Following the meeting, the film follows a day in the life of Paul and his work with wife Linda McCartney and friend Ringo Starr, which includes filming two videos, rehearsing in a loft, and recording performances for the radio. In between videos, Paul wonders what Harry might have done: Did he give the master tapes to be bootlegged, did he just run off, or was he murdered? During several songs, Paul has elaborate fantasies in various settings and costumes inspired by his predicament.

Once the day is done, Paul drives around London, and his associates brace themselves for the takeover as midnight approaches. After driving past Broad Street, Paul remembers that Harry was headed there when he last saw him and goes exploring the station. He finds the blue case containing the tapes on a platform bench, and Harry in a small maintenance building nearby, where he accidentally trapped himself while looking for the toilet. They both laugh, they drive off, Paul calls Linda using the car phone, she informs the studio that the tapes have been found, and the takeover is averted. Paul's chauffeur-driven car finally arrives at its destination, and he is awoken from his nap.

==Production==
The film was the result of a long-held ambition of McCartney, a lifelong film fan, to become involved in acting again after his success with the Beatles' films. While promoting it McCartney described Give My Regards to Broad Street as his first film in 14 years, but Rockshow had been released four years earlier.

==Rupert and the Frog Song==
The 13-minute animated film Rupert and the Frog Song was shown in cinemas immediately preceding Give My Regards to Broad Street. The short film contained the song "We All Stand Together", sung by McCartney and "the Frog Chorus". Simultaneously with the film's premiere in November, "We All Stand Together" was released as a single and became a hit in the UK, reaching No.3.

==Video game==
A video game based on the film was released for the Commodore 64 and ZX Spectrum home computers in 1985. The game was developed by Argus Press Software and released in its Mind Games series.

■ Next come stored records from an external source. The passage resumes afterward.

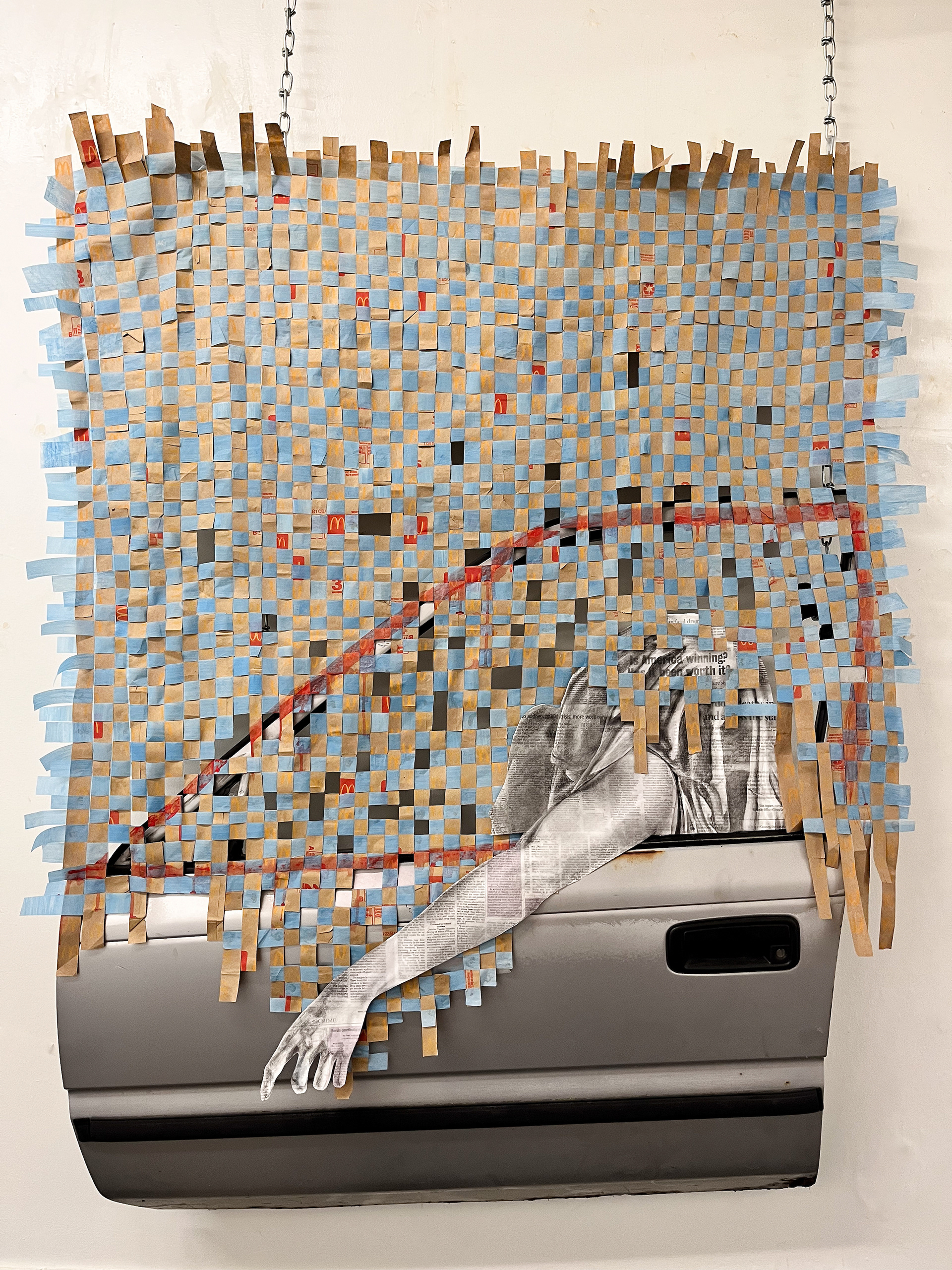 This self-portrait is a meditation on loss. In it, I’ve recreated a striking childhood memory: one summer day in my hometown in Colorado, I saw a grayish-blue man draped out of the driver’s seat window from his car in a McDonald’s parking lot. He had apparently passed away, presumably from an overdose. Someone had tossed an oily rag to cover his face. My mom and I drove past in a funeral procession of shoppers with our weekly grocery haul. The drive-thru of the restaurant was still open and busy.
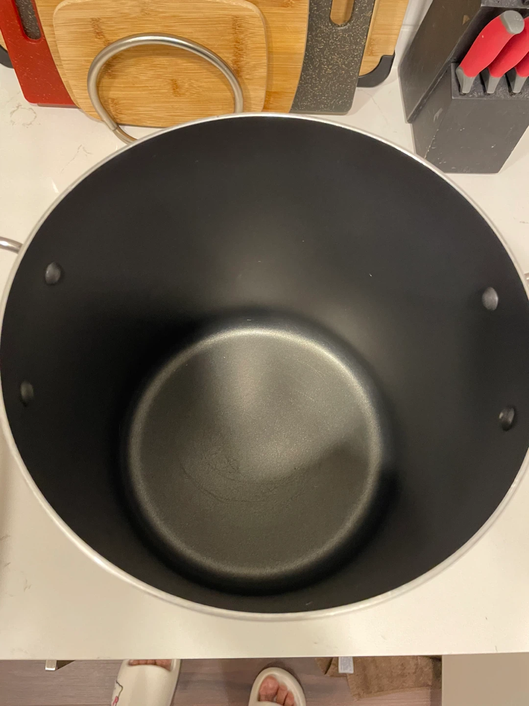 Selling a large black stock pot with a glass lid. It's in great shape and ready for making soups, stews, or boiling pasta. The pot measures approximately 36cm in height and 27cm in diameter.
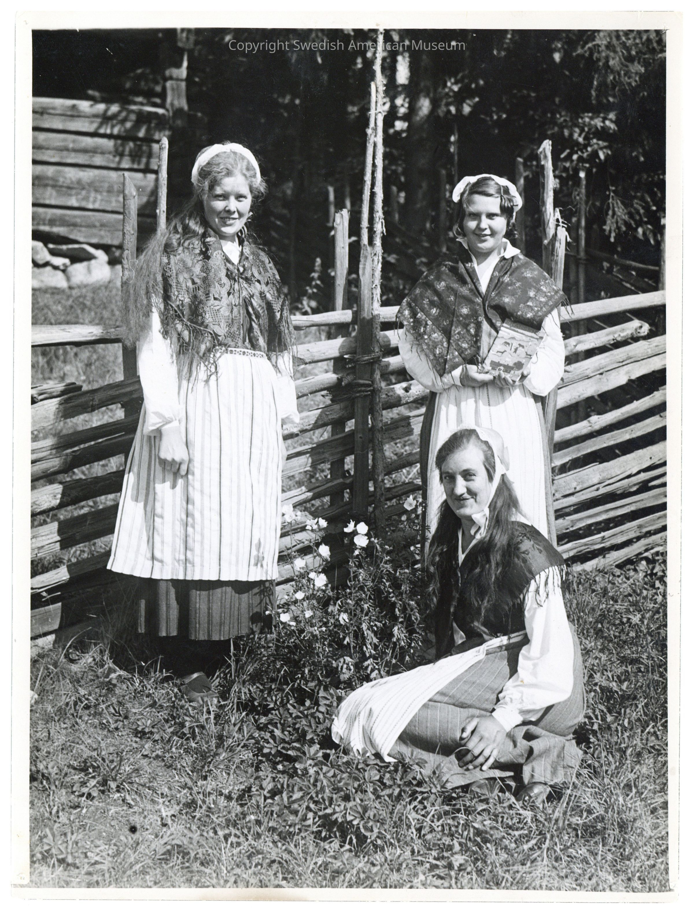 Photograph of three women at Skansen museum in Stockholm, Sweden wearing folk costumes, two of whom are standing, one of whom is sitting. The back of the photograph reads, "Skansen 1933," "John G. Palmer 5814 N. Washtenaw Ave. Chicago 45, Illinois."Title
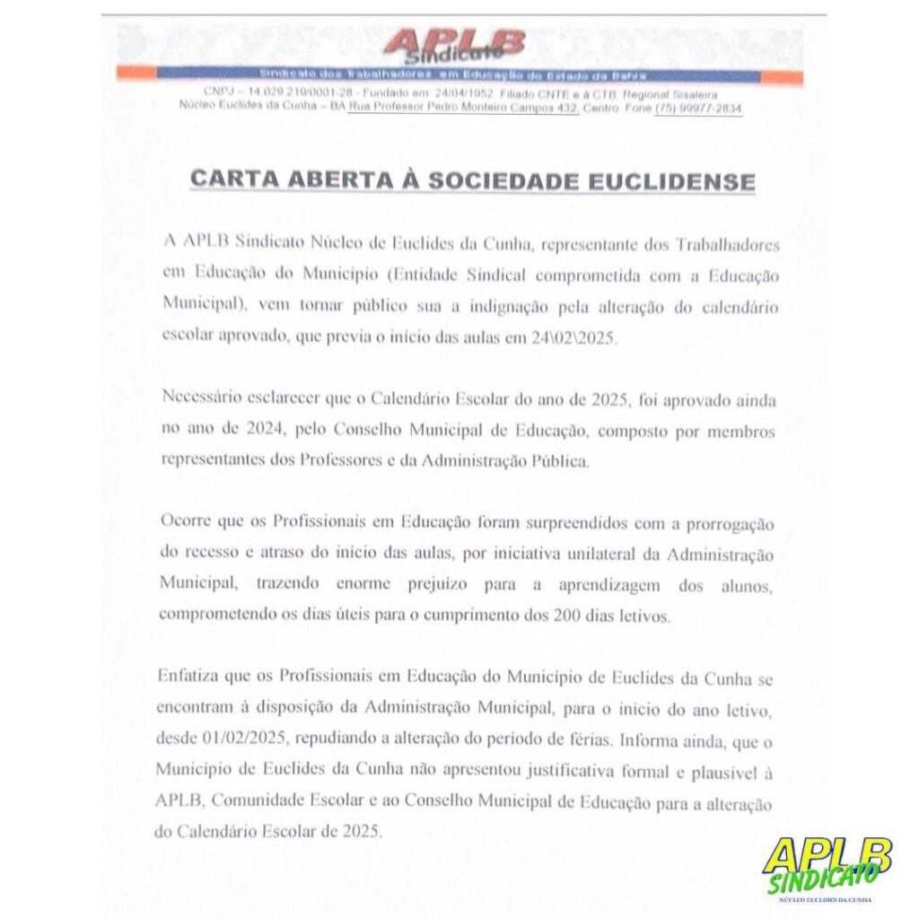 A APLB Sindicato Núcleo de Euclides da Cunha, entidade que representa os Trabalhadores em Educação do município, divulgou uma carta aberta à sociedade euclidense expressando indignação com a alteração do calendário escolar de 2025.
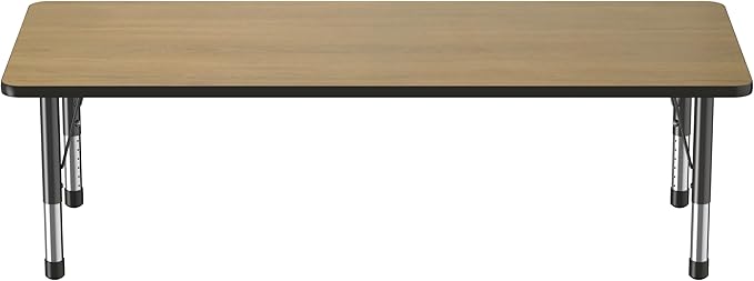 Factory Direct Partners FDP Rectangle (30 x 72 inch) Classroom Table with Adjustable Chunky Toddler Legs (15-24 in); Preschool, Kinder and Daycare Furniture - Pasadena Oak Top/Black Edge and Legs
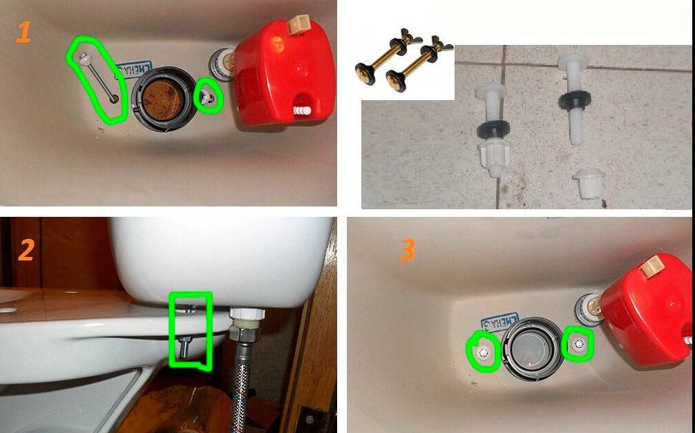 Для начала внимательно осмотрите арматуру. Возможно, потребуется замена всего нескольких болтов. Но про всякий случай лучше будет приобрести комплект для унитаза, благо стоит он довольно дешево. В любом случае следует полностью разобрать бачок унитаза, чтобы понять, почему идёт течь и почему он подтекает. Так что при выявлении дефектов, незамеченных невооруженным глазом вы будете только рады, что купили полноценный комплект болтов. Процесс замены:
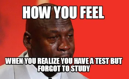Make your own "Funny HOW YOU FEEL WHEN YOU REALIZE YOU HAVE A TEST BUT FORGOT TO STUDY" meme with MemeCreator's free online meme generator. Add text, stickers, and drawings — then download or share. No watermark, no sign-up required.
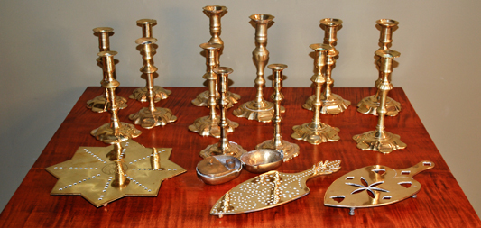 Always a Selection of Early Brass, including Queen Anne Candlesticks, Andirons, Fireplace Tools, Fenders and Jamb Hooks
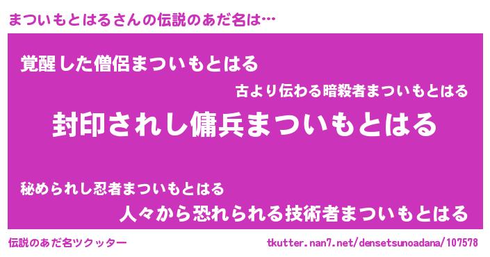 | 男性向けラノベタイトル風あだ名 | 『まついもとはる~年齢イコール彼女いない歴の魔法使い~』 |
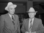 Among the men who made the National Range Tour through West Texas were, left to right, Doctor J. G. Porter, of the United States Bureau of Animal Industry with headquarters at Lubbock, Texas, and Sam Preston, who has a ranch about 20 miles southeast of Midland, Texas. Both men are wearing suits, neckties and cowboy hats. Doctor Porter is wearing eyeglasses.
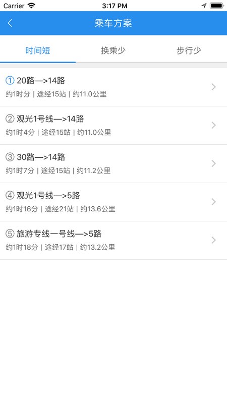 多种换乘方案:创新性地提供时间优先、换乘最少、步行最少、路程最短四种智能排序方案,并实时更新换乘车辆信息,让出行选择更加灵活多样;

The C64 version was published by Mastertronic in the U.S. (Cat. no. ICD-0082).

The game takes place after the action of the film and it is discovered that one track from the album was missing from the recovered tapes. The missing track was going to be the lead single so without it, the studio is back in jeopardy. The player takes the role of McCartney, who must travel around London to track down members of the band and other people who were at the original studio session to help piece the track back together. The game package contained a fold out map of London and profiles of the characters which the player needs to use to predict where to find them.

==Reception==
Although its soundtrack was a success, the film was met with negative reviews. Roger Ebert of the Chicago Sun-Times gave the film one out of four stars, praising its music as "wonderful" but wrote that it "is about as close as you can get to a nonmovie, and the parts that do try something are the worst." He particularly criticized the long, irrelevant dream sequences and the poor photography, and he advised readers to buy the soundtrack album and not bother to see the film.

Retrospectively, review aggregator Rotten Tomatoes has clocked the film's positive review score at 22%, based on reviews by 18 critics. Audiences polled by CinemaScore gave the film an average grade of "B-" on an A+ to F scale.

==Awards and nominations==
"No More Lonely Nights", a song from the film, was nominated for a Golden Globe Award and a BAFTA Film Award for Best Original Song-Motion Picture.